Now, it is time for the reader to know that in the far-away Land of Oz
the lovely Ruler, Ozma, had been following the adventures of her Shaggy
Man, and Tik-Tok, and all the others they had met. Day by day Ozma,
with the wonderful Wizard of Oz seated beside her, had gazed upon a
Magic Picture in a radium frame, which occupied one side of the Ruler's
cosy boudoir in the palace of the Emerald City. The singular thing
about this Magic Picture was that it showed whatever scene Ozma wished
to see, with the figures all in motion, just as it was taking place. So
Ozma and the Wizard had watched every action of the adventurers from
the time Shaggy had met shipwrecked Betsy and Hank in the Rose Kingdom,
at which time the Rose Princess, a distant cousin of Ozma, had been
exiled by her heartless subjects.
When Ann and her people so earnestly wished to return to Oogaboo, Ozma
was sorry for them and remembered that Oogaboo was a corner of the Land
of Oz.
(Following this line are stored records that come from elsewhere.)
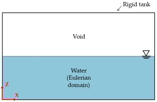 In simulations involving fluid–structure interactions, such as sloshing in a liquid tank, it is essential to account for significant fluid deformation and the interface between the fluid and the solid structure. Directly applying the traditional Lagrangian formulation to model the fluid domain can be impractical due to excessive distortion of fluid elements, particularly under high-deformation conditions. Instead, the Eulerian formulation is typically used for the fluid, as it maintains a fixed mesh while allowing fluid flow to be described within this mesh system.
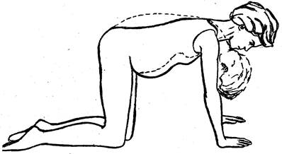 Это упражнение рекомендуется в течение всего периода беременности, вплоть до родов, так как оно уменьшает нагрузку позвоночника беременной маткой. Стать на колени и опереться на руки, расслабить мышцы спины (без чрезмерного изгиба позвоночника). Голова, шея и позвоночник находятся на прямой линии. Изгиб позвоночника вверх с опусканием головы и сильным напряжением мышц живота и ягодиц. Постепенное расслабление и возврат к исходной позиции. Повторяем пару раз.
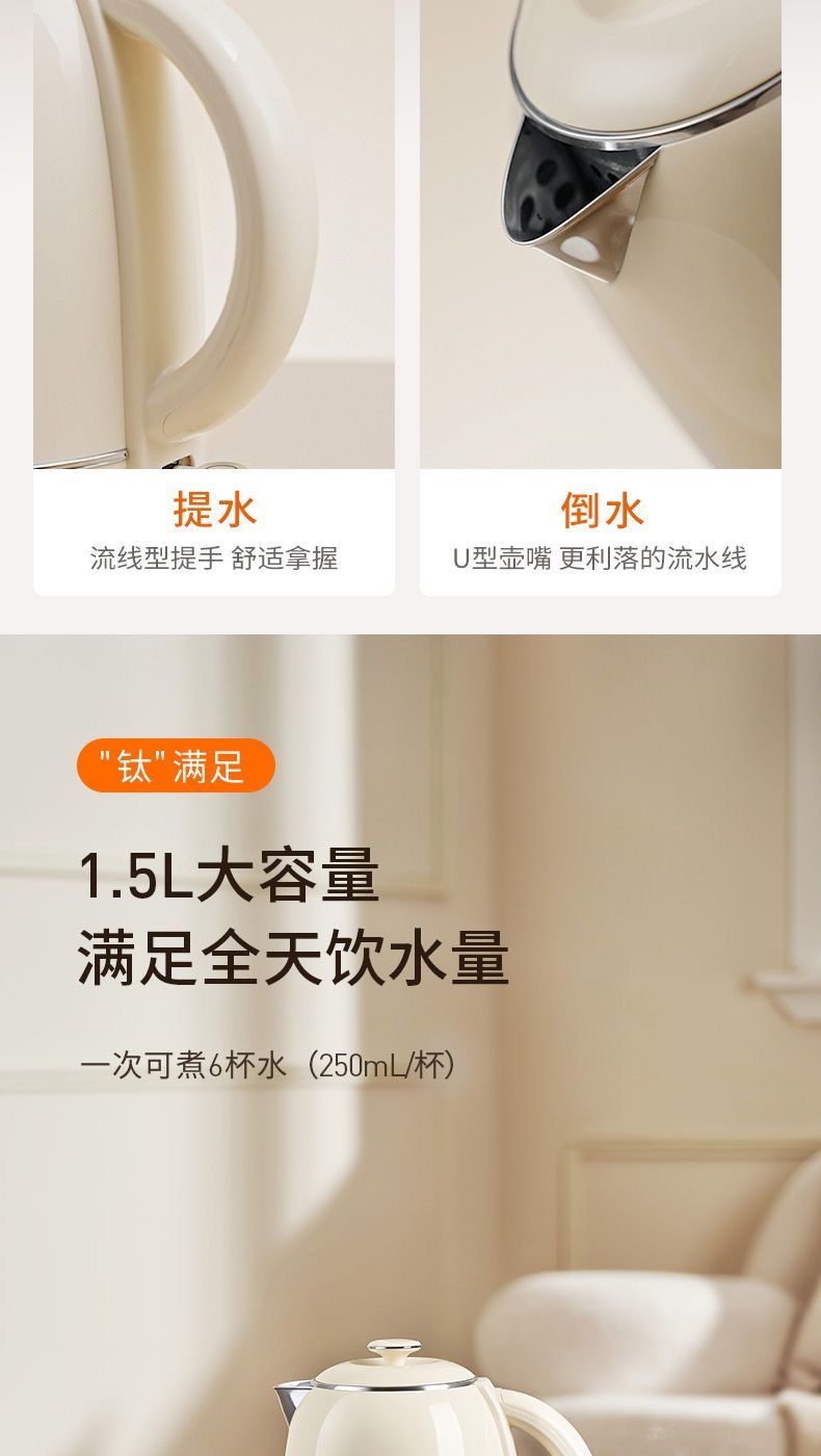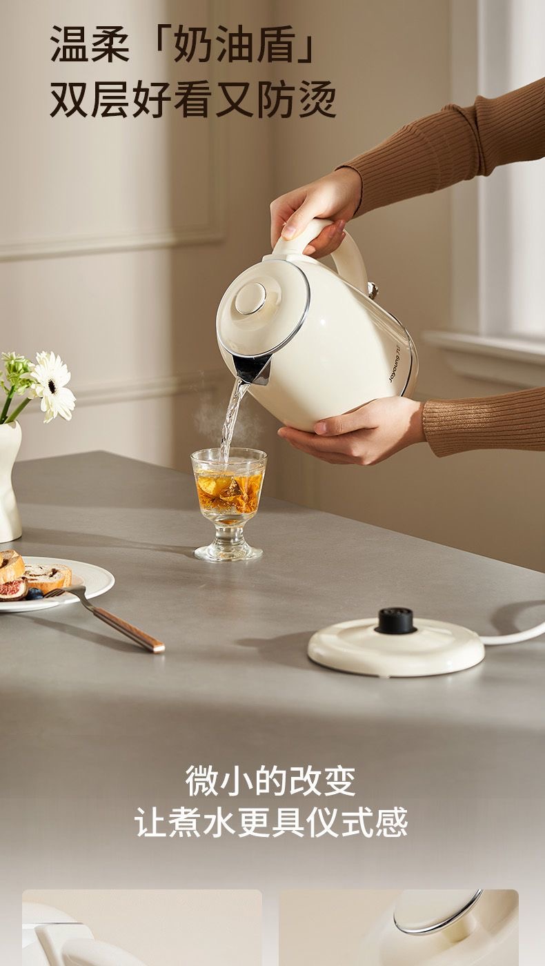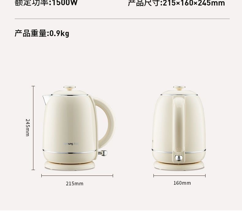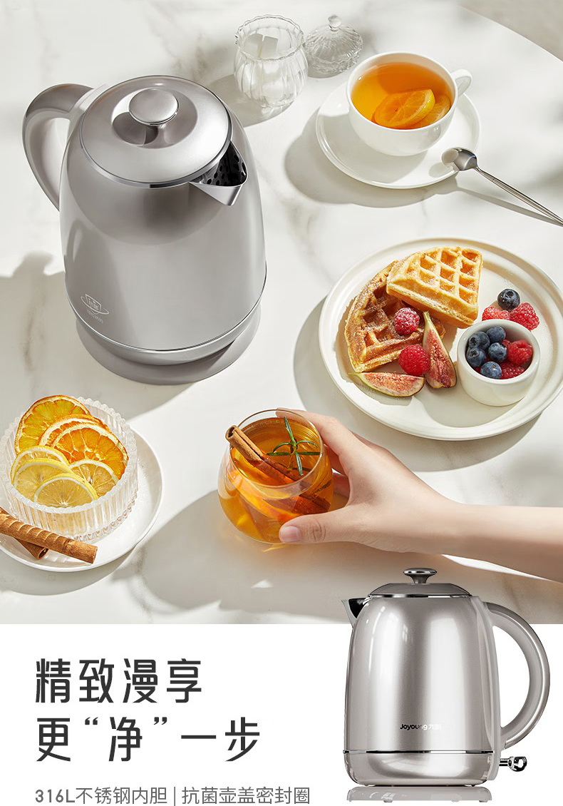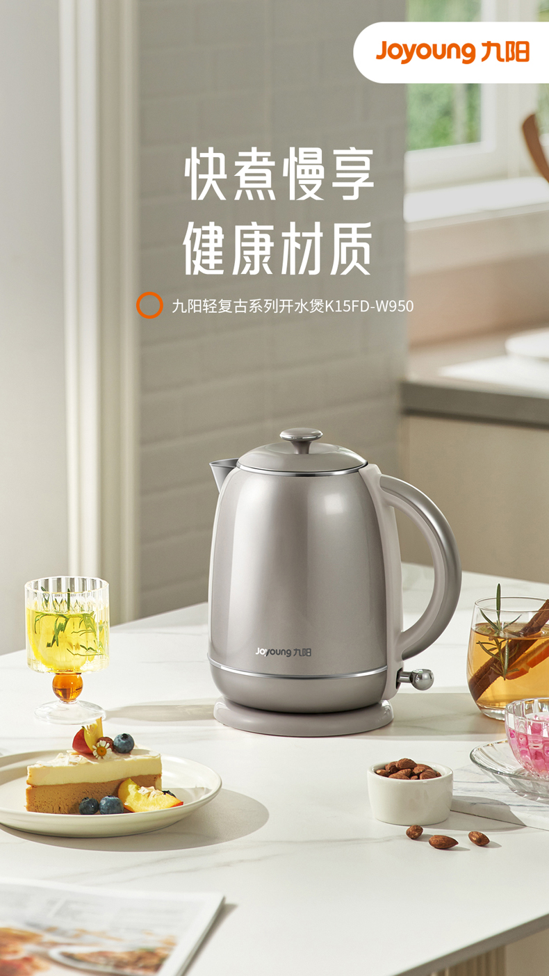 Joyoung/九阳轻复古W950开水煲316L内胆1.5L家用电热水壶烧水壶双层电水壶
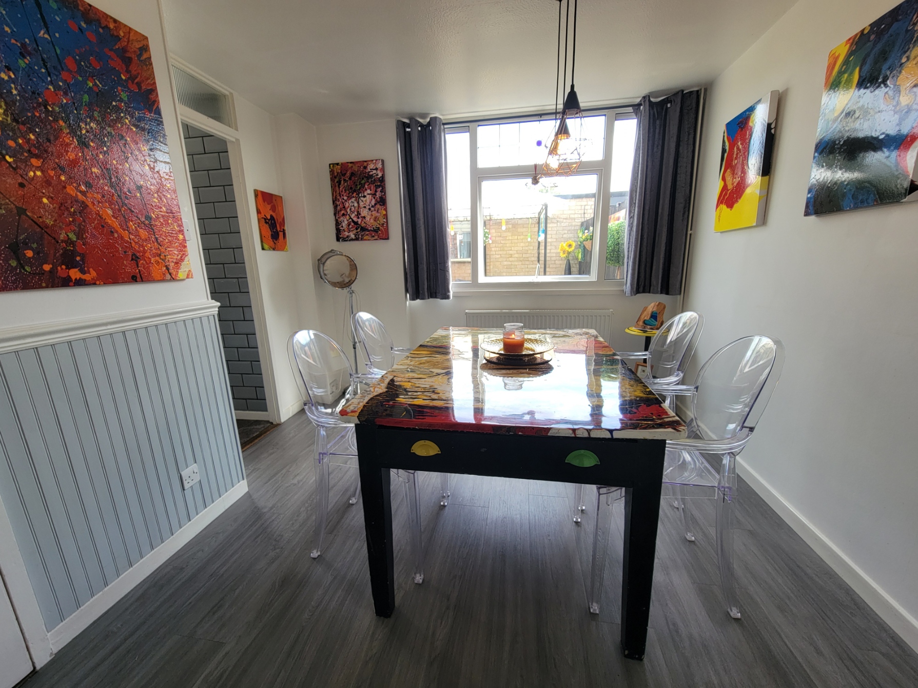 PVC double glazed door with decorative lead light, built-in double storage cupboard, study area, staircase to the first floor, decorative dado rail.

She turned to her attendant and asked:
"Can not your magic take these unhappy people to their old home,
Wizard?"
"It can, Your Highness," replied the little Wizard.
"I think the poor Queen has suffered enough in her misguided effort to
conquer the world," said Ozma, smiling at the absurdity of the
undertaking, "so no doubt she will hereafter be contented in her own
little Kingdom. Please send her there, Wizard, and with her the
officers and Files."
"How about the Rose Princess?" asked the Wizard.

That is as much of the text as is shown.